>>
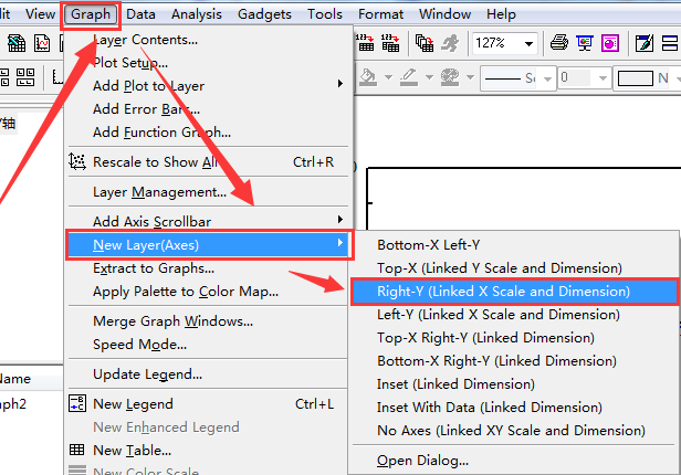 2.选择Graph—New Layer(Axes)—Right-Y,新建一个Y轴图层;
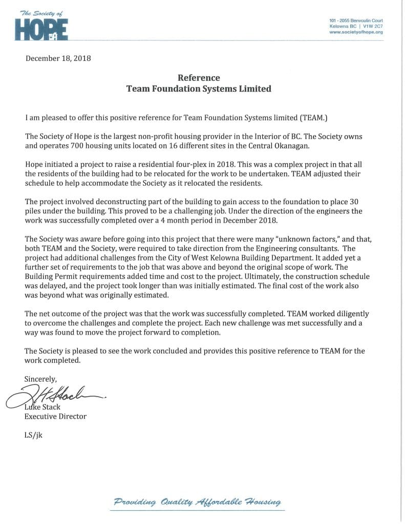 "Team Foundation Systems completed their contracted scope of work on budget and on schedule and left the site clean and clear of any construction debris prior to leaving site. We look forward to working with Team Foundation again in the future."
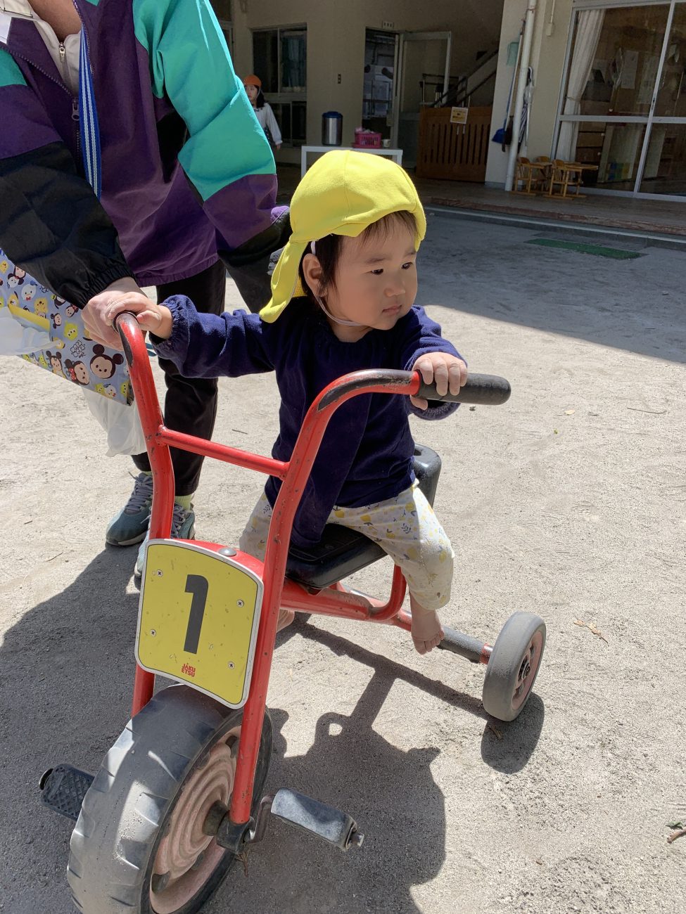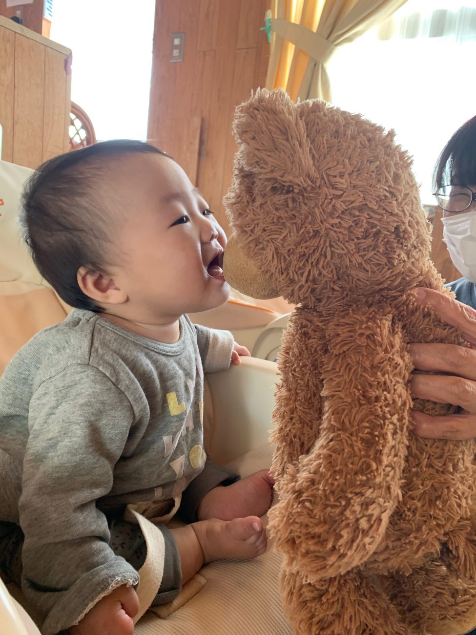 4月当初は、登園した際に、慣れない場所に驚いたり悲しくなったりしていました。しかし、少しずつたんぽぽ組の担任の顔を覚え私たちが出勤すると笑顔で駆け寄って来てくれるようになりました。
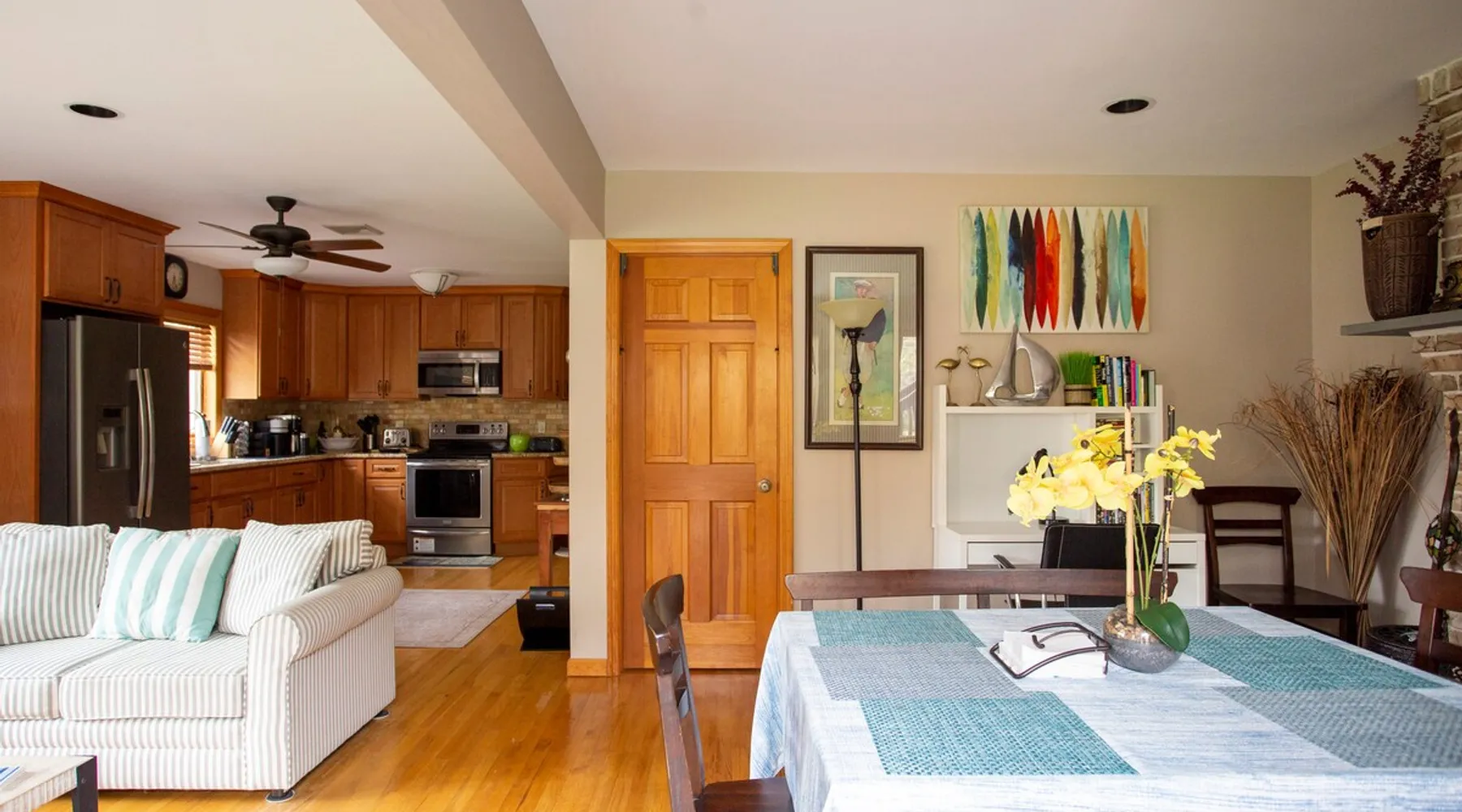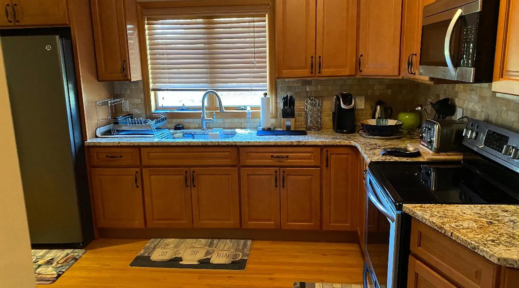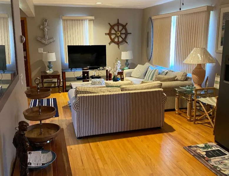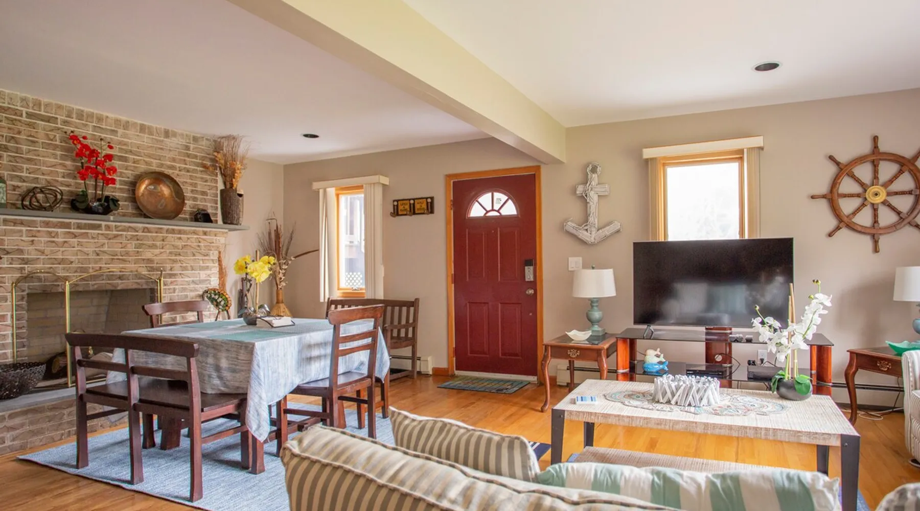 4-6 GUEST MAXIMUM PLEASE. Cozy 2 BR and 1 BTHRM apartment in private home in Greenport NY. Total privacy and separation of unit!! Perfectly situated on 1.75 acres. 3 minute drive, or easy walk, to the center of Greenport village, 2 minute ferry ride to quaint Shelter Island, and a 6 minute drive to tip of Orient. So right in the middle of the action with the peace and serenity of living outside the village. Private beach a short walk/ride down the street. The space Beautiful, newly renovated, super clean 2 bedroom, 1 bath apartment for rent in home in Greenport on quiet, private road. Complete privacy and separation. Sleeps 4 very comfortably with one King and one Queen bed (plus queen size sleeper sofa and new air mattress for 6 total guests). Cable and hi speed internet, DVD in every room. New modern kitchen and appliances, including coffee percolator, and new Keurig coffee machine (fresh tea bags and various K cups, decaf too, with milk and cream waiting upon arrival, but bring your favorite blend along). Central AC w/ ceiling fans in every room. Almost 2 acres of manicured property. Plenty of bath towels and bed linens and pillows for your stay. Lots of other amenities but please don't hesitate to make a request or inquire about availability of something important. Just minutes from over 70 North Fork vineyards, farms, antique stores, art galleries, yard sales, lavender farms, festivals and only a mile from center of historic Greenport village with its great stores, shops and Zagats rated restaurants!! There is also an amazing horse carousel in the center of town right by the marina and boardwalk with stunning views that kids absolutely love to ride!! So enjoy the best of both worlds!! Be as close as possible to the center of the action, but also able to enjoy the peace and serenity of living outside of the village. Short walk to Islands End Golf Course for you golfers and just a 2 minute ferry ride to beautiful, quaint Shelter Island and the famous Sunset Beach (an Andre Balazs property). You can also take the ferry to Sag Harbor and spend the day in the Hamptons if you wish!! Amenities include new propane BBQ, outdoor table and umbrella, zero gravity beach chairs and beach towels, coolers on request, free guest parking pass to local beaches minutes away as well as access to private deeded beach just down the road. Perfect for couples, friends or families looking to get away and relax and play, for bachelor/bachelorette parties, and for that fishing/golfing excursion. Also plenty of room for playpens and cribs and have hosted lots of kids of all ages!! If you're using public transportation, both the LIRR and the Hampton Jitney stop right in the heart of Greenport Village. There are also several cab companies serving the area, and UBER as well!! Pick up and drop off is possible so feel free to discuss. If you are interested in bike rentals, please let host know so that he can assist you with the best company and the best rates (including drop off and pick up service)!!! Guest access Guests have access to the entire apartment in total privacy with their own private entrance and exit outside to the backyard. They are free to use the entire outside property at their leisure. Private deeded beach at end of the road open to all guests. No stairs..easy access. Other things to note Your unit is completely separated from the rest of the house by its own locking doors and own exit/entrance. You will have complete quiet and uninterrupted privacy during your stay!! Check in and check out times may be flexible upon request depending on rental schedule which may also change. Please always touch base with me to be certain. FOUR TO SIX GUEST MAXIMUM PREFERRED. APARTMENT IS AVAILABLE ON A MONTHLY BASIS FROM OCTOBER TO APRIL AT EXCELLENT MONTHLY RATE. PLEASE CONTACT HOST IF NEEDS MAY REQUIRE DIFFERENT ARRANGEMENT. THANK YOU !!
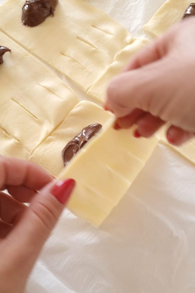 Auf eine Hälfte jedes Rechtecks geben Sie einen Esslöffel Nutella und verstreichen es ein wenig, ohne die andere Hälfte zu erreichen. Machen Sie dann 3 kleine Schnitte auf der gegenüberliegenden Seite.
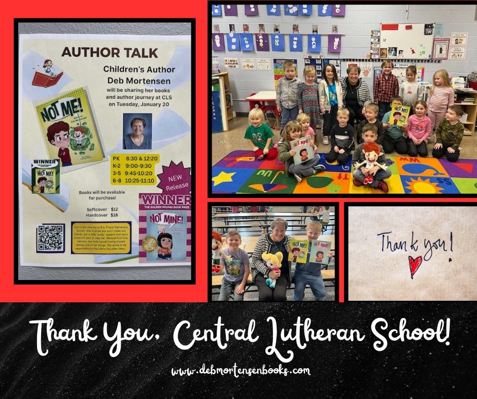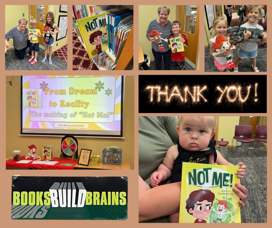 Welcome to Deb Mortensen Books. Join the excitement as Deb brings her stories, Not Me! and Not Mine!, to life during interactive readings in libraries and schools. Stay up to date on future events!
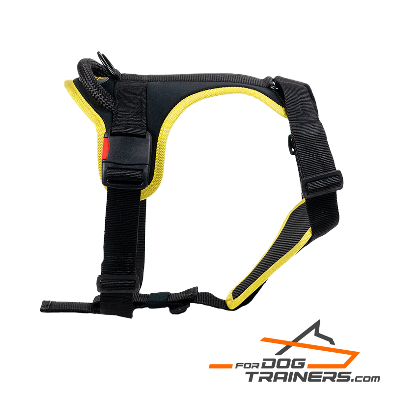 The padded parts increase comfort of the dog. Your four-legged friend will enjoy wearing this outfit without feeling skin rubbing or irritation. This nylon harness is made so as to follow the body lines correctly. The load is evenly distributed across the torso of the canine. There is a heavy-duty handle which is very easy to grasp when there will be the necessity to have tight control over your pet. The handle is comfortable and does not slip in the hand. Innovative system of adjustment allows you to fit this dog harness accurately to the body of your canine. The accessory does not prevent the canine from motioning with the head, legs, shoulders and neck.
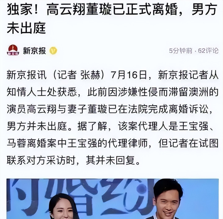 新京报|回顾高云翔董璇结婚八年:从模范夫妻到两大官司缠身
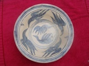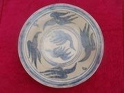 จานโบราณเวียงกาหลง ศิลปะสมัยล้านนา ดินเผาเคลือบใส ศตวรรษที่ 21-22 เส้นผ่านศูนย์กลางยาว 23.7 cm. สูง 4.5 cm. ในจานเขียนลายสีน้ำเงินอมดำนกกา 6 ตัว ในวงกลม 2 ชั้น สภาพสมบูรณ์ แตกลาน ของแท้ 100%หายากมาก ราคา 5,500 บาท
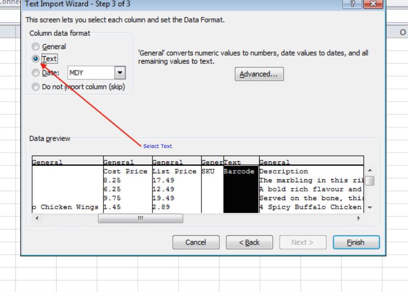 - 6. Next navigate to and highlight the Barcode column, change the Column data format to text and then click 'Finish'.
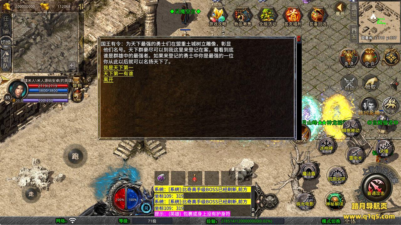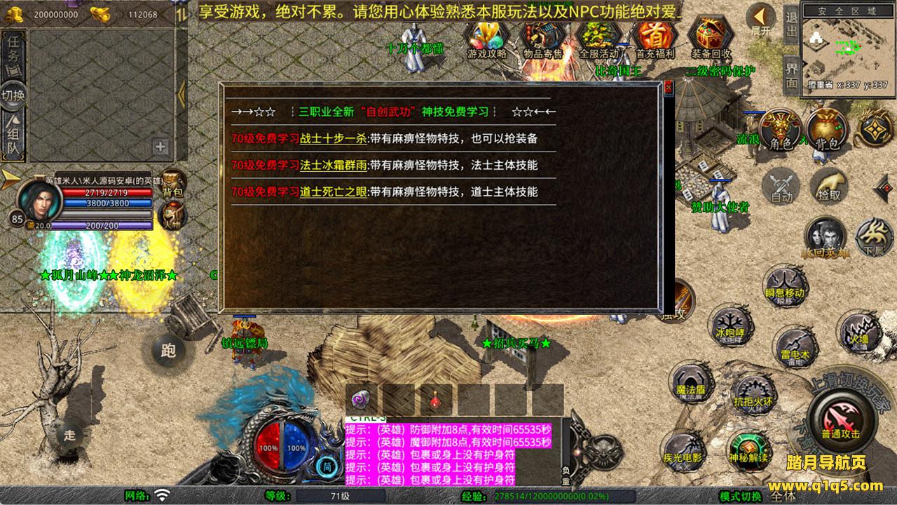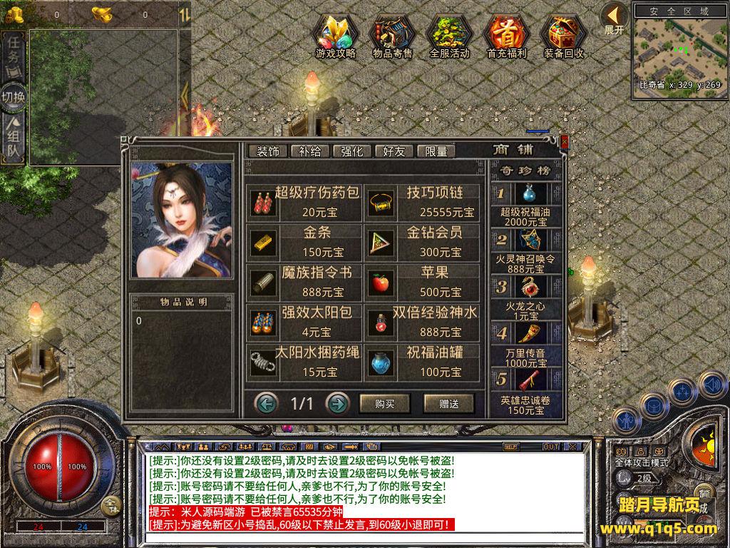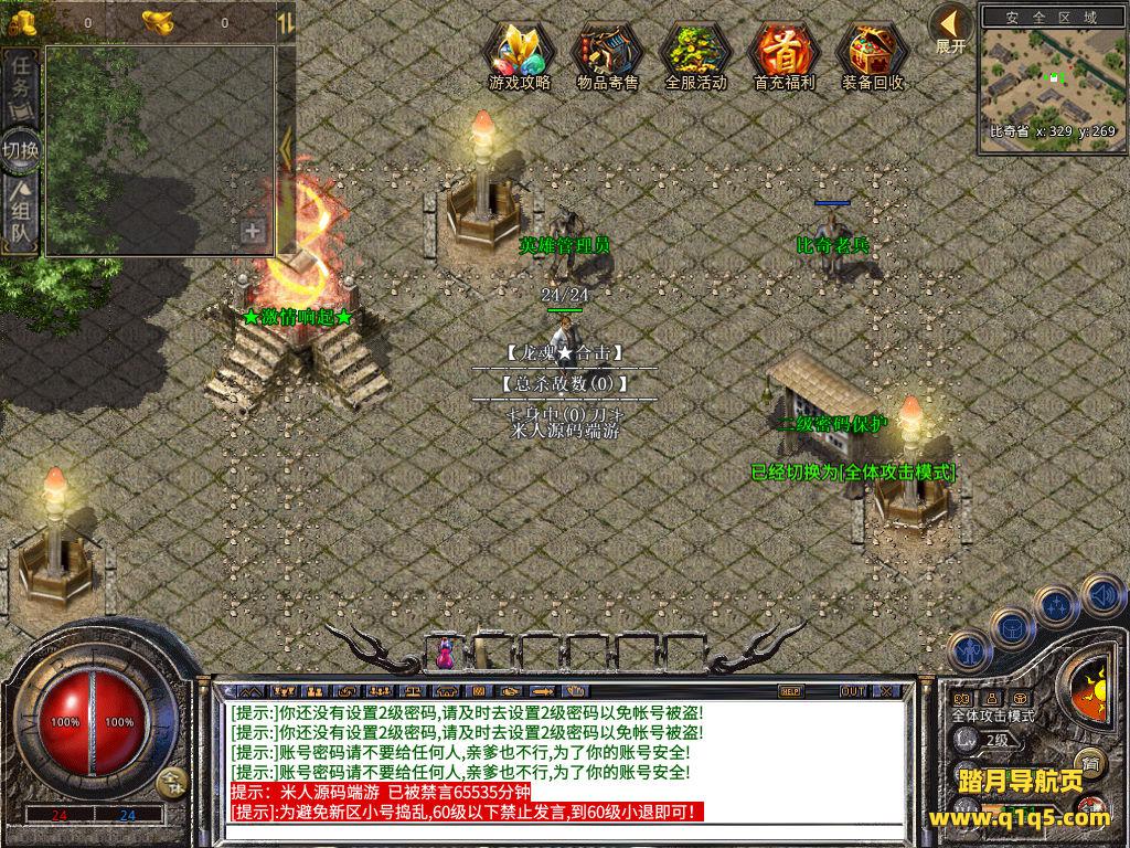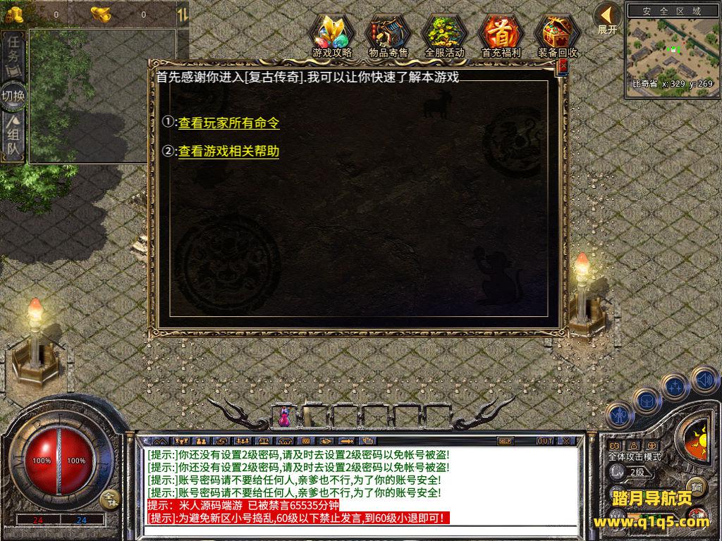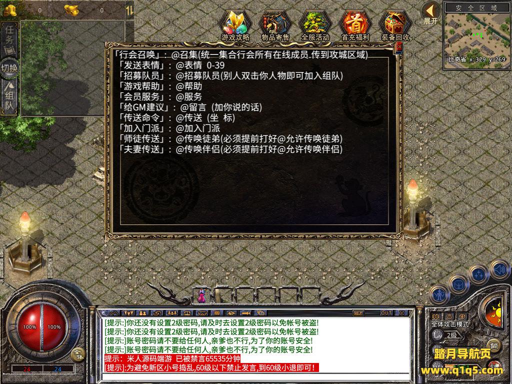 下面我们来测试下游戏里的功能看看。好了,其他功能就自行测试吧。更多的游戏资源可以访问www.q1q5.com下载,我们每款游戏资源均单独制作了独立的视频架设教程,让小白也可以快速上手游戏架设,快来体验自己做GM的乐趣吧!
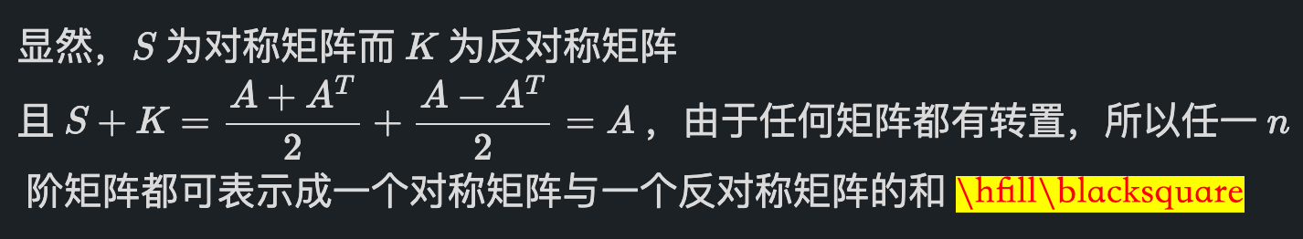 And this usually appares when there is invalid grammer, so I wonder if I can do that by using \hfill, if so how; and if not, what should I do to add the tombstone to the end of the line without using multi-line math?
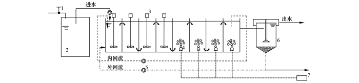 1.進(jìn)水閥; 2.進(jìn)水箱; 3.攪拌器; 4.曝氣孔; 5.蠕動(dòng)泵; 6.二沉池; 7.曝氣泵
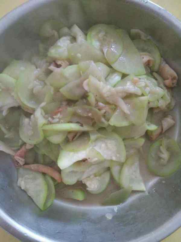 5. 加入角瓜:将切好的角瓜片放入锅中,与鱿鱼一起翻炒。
<<
What needs to be done
Repeat each line of the material, unaltered, from the first through the line with "4月当初は、登園した際に、慣", and include no pictures.

Finished exercise
 2.选择Graph—New Layer(Axes)—Right-Y,新建一个Y轴图层;
 "Team Foundation Systems completed their contracted scope of work on budget and on schedule and left the site clean and clear of any construction debris prior to leaving site. We look forward to working with Team Foundation again in the future."
 4月当初は、登園した際に、慣れない場所に驚いたり悲しくなったりしていました。しかし、少しずつたんぽぽ組の担任の顔を覚え私たちが出勤すると笑顔で駆け寄って来てくれるようになりました。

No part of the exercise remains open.